##### Information shown

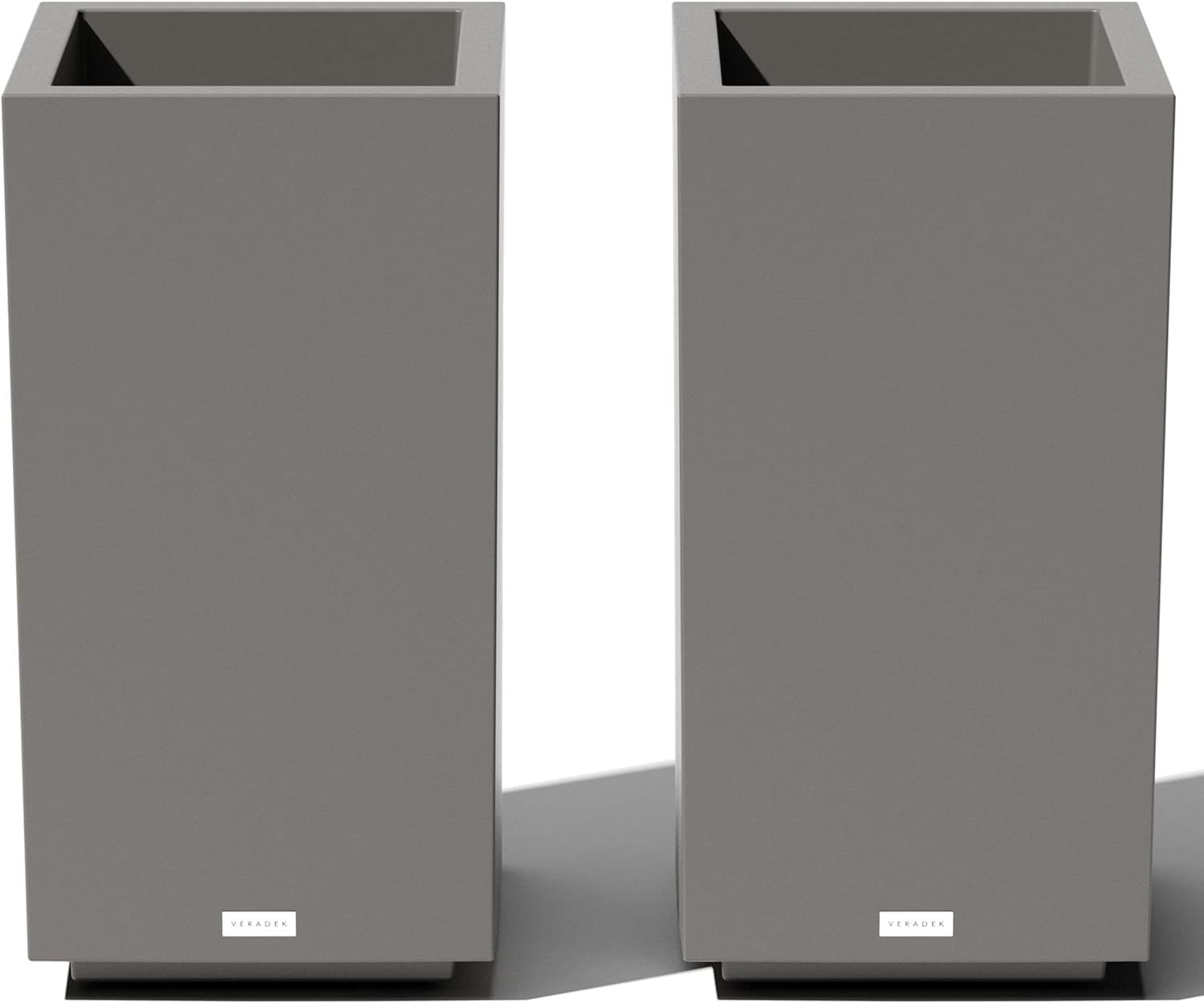 Veradek Block Series Pedestal Planter - Tall Planter for Indoor or Outdoor Front Porch | All-Weather Use with Removable Insert Bucket | Modern Décor for Flowers, Tall Trees, Faux Plants
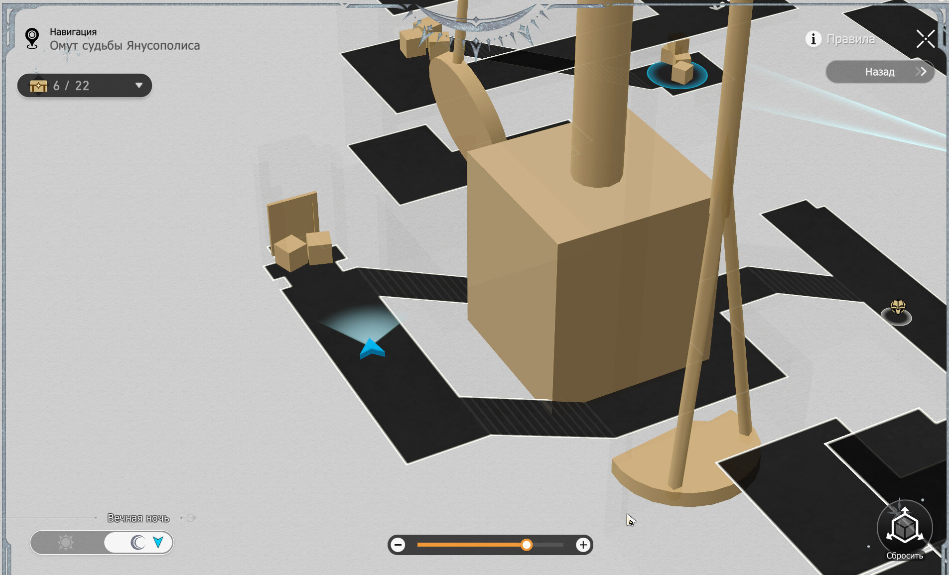 - Движение: поднимитесь на самый верх по лестницам и спрыгните вниз. С постамента спрыгните направо на кнопку. После этого 8 раз нажмите налево-направо, чтобы тень почти дошла до вас. Потом сделайте три шага налево.
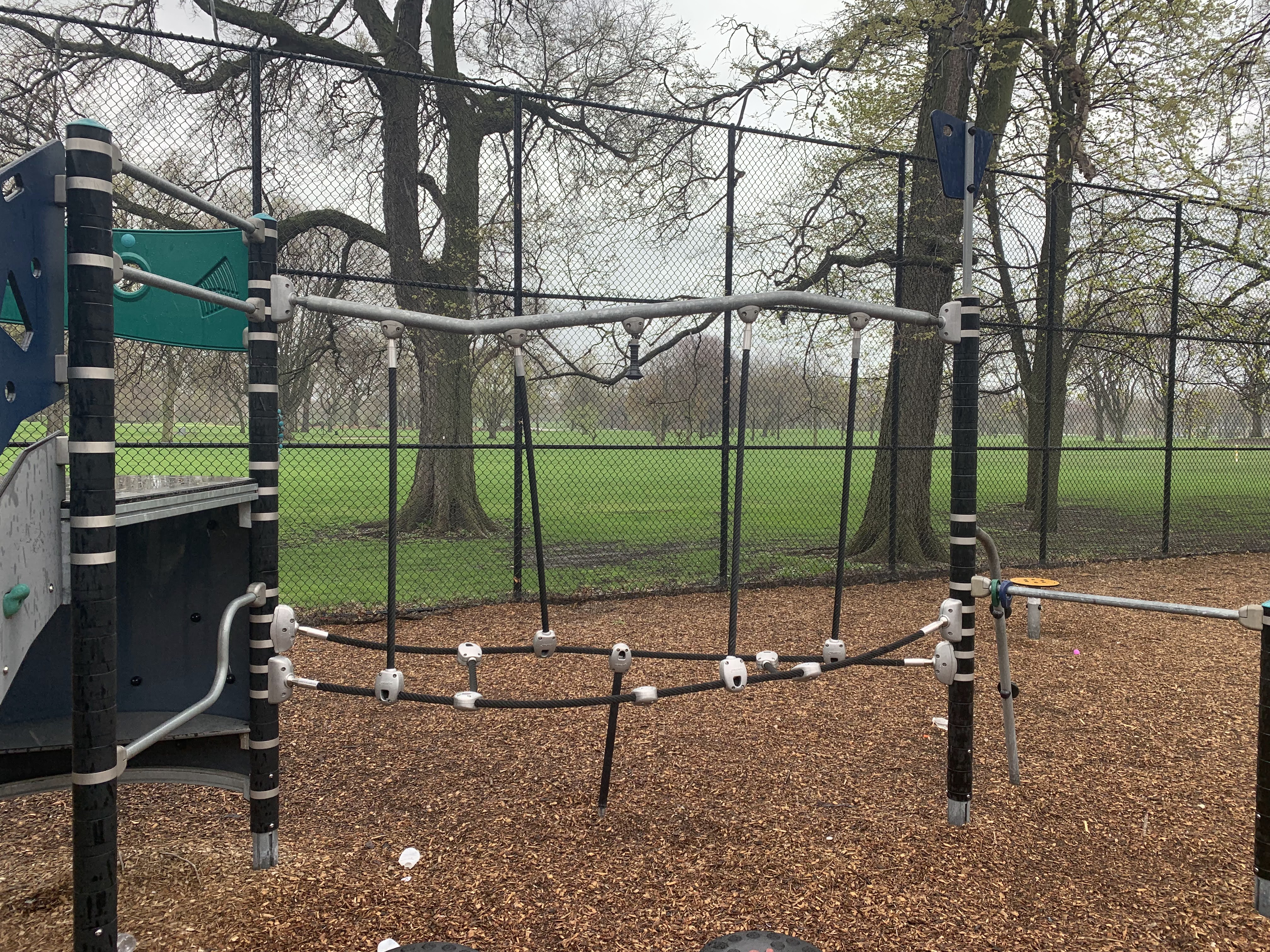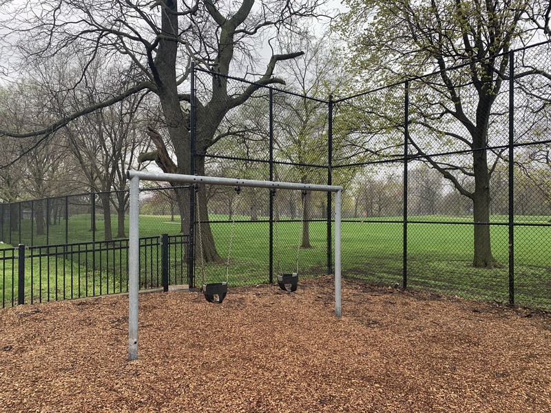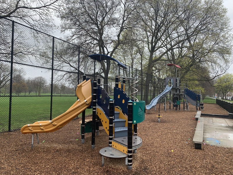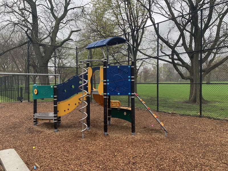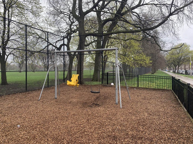 - This playground - one of many located in Jackson Park - is located on 67th between East End and Ridgeland. It features a distinctive set of playground equipment that includes a larger structure for older children and a smaller structure for younger children. There is also a rope traverse feature and the standard set of swings. The play area is fully enclosed and the play surface is wood chips.
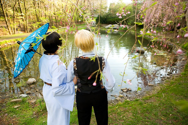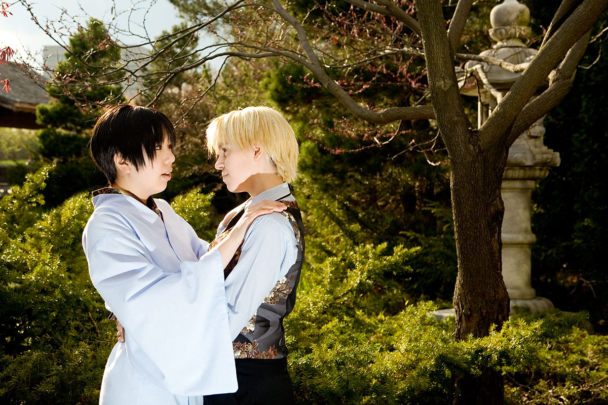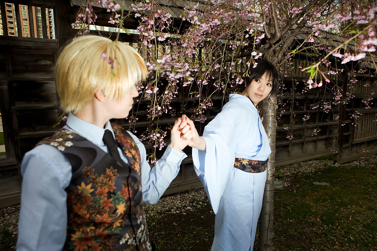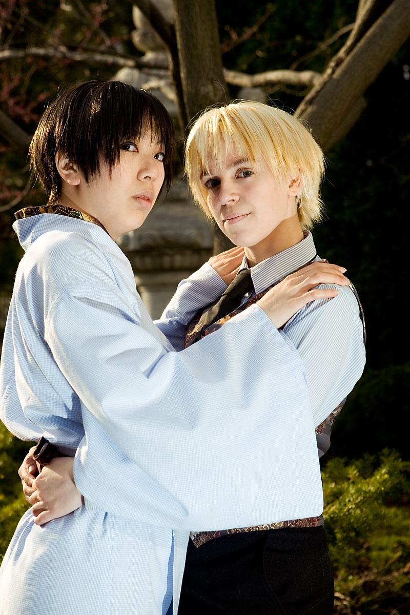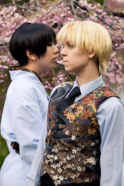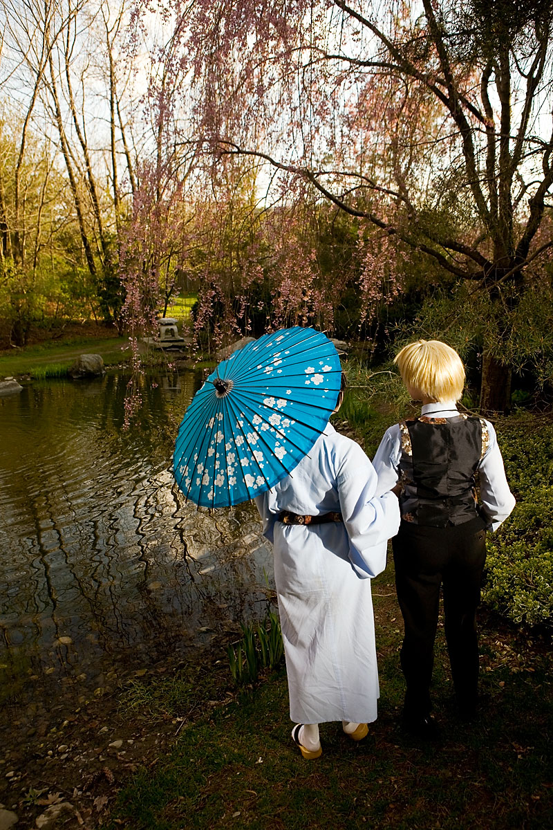 Okay, so once again we're dealing with international relations in cute chibi anime format with Hetalia. Here we have England and Japan, in a little mixing things up, out together for a day in the park. We were losing light but we managed to get a bunch of shots in, including some massive big-cute-eyes Japan pics, because, well, Japan would be into that sort of cosplay photo angles I guess. Thanks to these two for coming out after the rain to pose at length together, and enjoy the pics. |
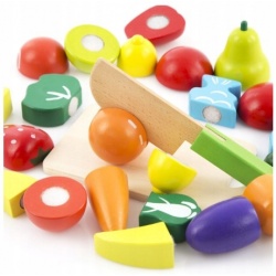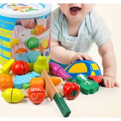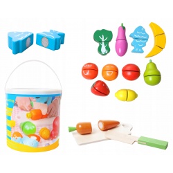 Warzywa do krojenia drewniane w wiaderku na rzepy drewniany nóż deska. Zestaw kolorowych warzyw i owoców ww wiaderku jest doskonały do zabawy w market, robienie zakupów zakupy i gotowanie. Dzieci lubią podpatrywać dorosłych, a gotowanie z rodzicami jest również dla nich świetnym zajęciem. Rzepy wewnątrz artykułów umożliwiają ponowne łączenie dwóch przekrojonych połówek w całość, co niewątpliwie jest przydatną funkcją i urozmaica zabawę. Zabawki zostały wykonane precyzyjnie, a ich żywe i soczyste kolory wpływają na walory estetyczne. Nożyk oraz reszta przedmiotów mają łagodnie wykończone krawędzie, są zatem bezpieczne w użytkowaniu.
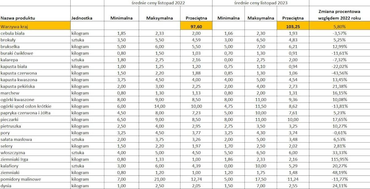 Niżej zamieszamy porównanie średnich cen warzyw w listopadzie 2022 i 2023 roku. Zestawienie przygotowali eksperci z Rynku Hurtowego Bronisze.
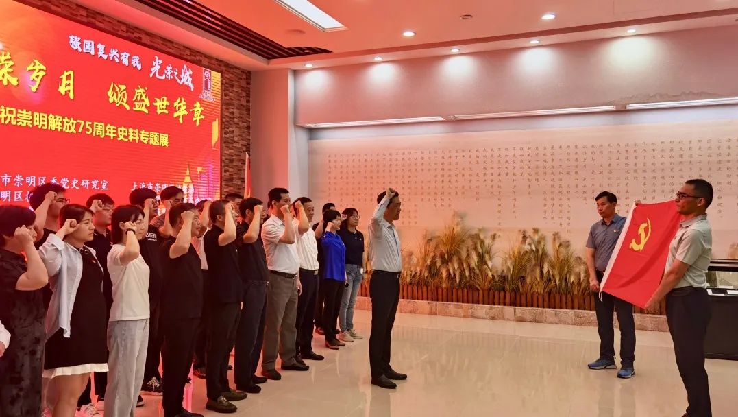 活动中,党员同志们首先来到崇明区档案馆参观“忆峥嵘岁月颂盛世华章——庆祝崇明解放75周年史料专题展”,现场讲解员主要介绍了馆内展出的解放战争及新中国成立以来有关的原版报纸、书籍、亲历者回忆文章、实物等史料,带领大家一起重温崇明人民推翻三座大山、实现民主独立、书写全新篇章的光辉历程。
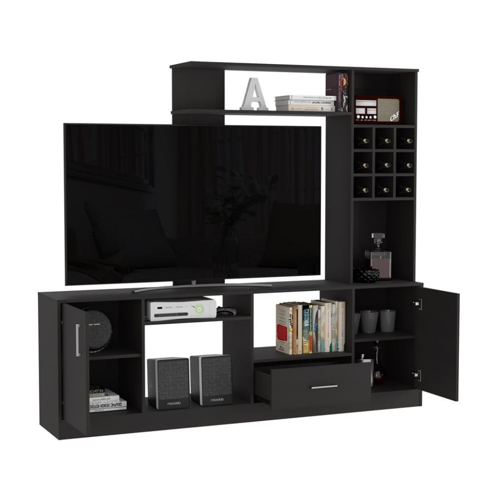 Centro de Entretenimiento 60" Beijing Melamina Negro Tuhome
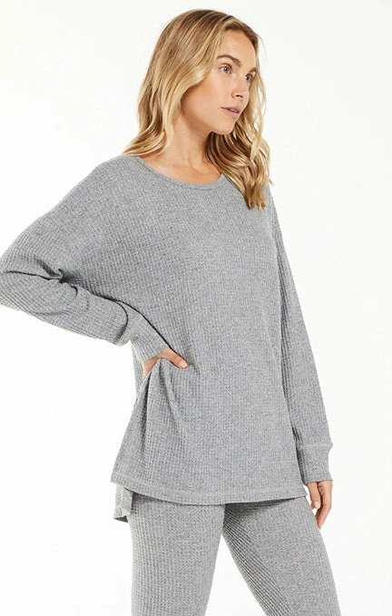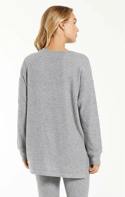 The Self Love Thermal Long Sleeve Tunic is the perfect top to cozy up in. Its longer length looks great over Z Lounge’s Lover Thermal Leggings. Available in Z Lounge brushed rayon poly thermal in heather grey. Just add cozy socks! Fabric Content: 48% Rayon 48% Polyester 4% Spandex

##########

■ What the task asks
Nothing should appear in the answer except the lines from the first line of the data through the line holding "- This playground", exactly as written, with pictures left out.

■ Answer to the problem
 Veradek Block Series Pedestal Planter - Tall Planter for Indoor or Outdoor Front Porch | All-Weather Use with Removable Insert Bucket | Modern Décor for Flowers, Tall Trees, Faux Plants
 - Движение: поднимитесь на самый верх по лестницам и спрыгните вниз. С постамента спрыгните направо на кнопку. После этого 8 раз нажмите налево-направо, чтобы тень почти дошла до вас. Потом сделайте три шага налево.
 - This playground - one of many located in Jackson Park - is located on 67th between East End and Ridgeland. It features a distinctive set of playground equipment that includes a larger structure for older children and a smaller structure for younger children. There is also a rope traverse feature and the standard set of swings. The play area is fully enclosed and the play surface is wood chips.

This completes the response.